The Queens Detention Center, located at 126-02 82nd Ave., was decommissioned in 2002. The City plans to demolish the facility and build a new jail on the site (Photo: Queens Post).

July 8, 2019 By Shane O’Brien

The City Planning Commission will be holding a public hearing on the New York City borough-based jail system proposal on Wednesday.

The plan is now being reviewed by the City Planning Commission having been rejected by four Community Boards and the Queens and Bronx Borough Presidents. The Manhattan Borough President Gale Brewer announced her support for the plan Friday, while the Brooklyn Borough President has yet to render an opinion.

The hearing, which will take place at CUNY John Jay College of Criminal Justice at 10 a.m., is part of the CPC review process, the second to last step required before the City can move forward with the plan. Should the CPC approve it, the fate of the proposal would then rest with the City Council.

The controversial plan, announced by the mayor last year, calls for the closure of Rikers Island and the construction of four borough-based jails—one in Brooklyn, Queens, Manhattan and the Bronx—in its place.

The proposal recommends that the Queens jail be built in Kew Gardens—on the site of the now dormant Queens Detention Complex at 126-02 82nd Ave. Many Queens residents oppose it, with Queens Community Board 9 rejecting the plan on May 14 by a vote of 28-0. 
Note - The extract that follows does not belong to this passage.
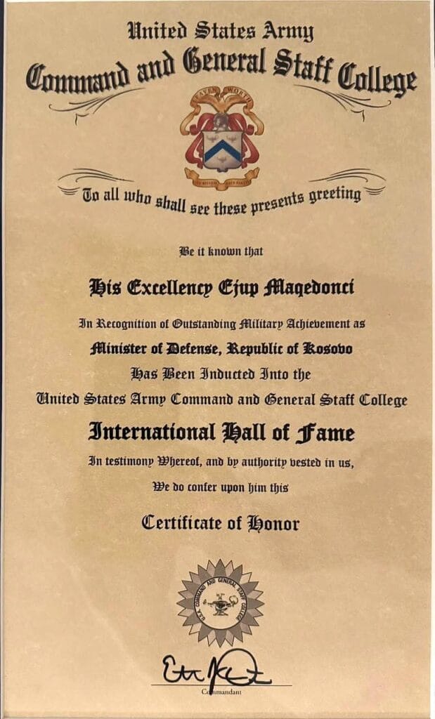 Kosova Savunma Bakanı Ejup Maqedonci, Amerika Birleşik Devletleri Kara Kuvvetleri Komuta ve Genelkurmay Koleji’nin (U.S. Army Command and General Staff College) Şeref Salonu’na (Hall of Fame) kabul edilmekten büyük onur duyduğunu açıkladı.

The plan, filed as one ULURP application, is undergoing public review since it requires a series of rezonings and other land use changes before it can move forward.

The public hearing provides residents with an opportunity to speak before the City Planning Commission, which will make a final decision on the plan within 60 days.

While the decisions made by the Borough Presidents and Community Boards are advisory, the CPC’s determination is binding. The CPC is also able to approve the plan with modifications.

In most ULURP applications, a proposal requires seven affirmative votes from the 13 members of the CPC to pass the CPC Review stage. However, since at least two Borough Presidents have rejected the proposal, it is likely to require nine affirmative votes to pass.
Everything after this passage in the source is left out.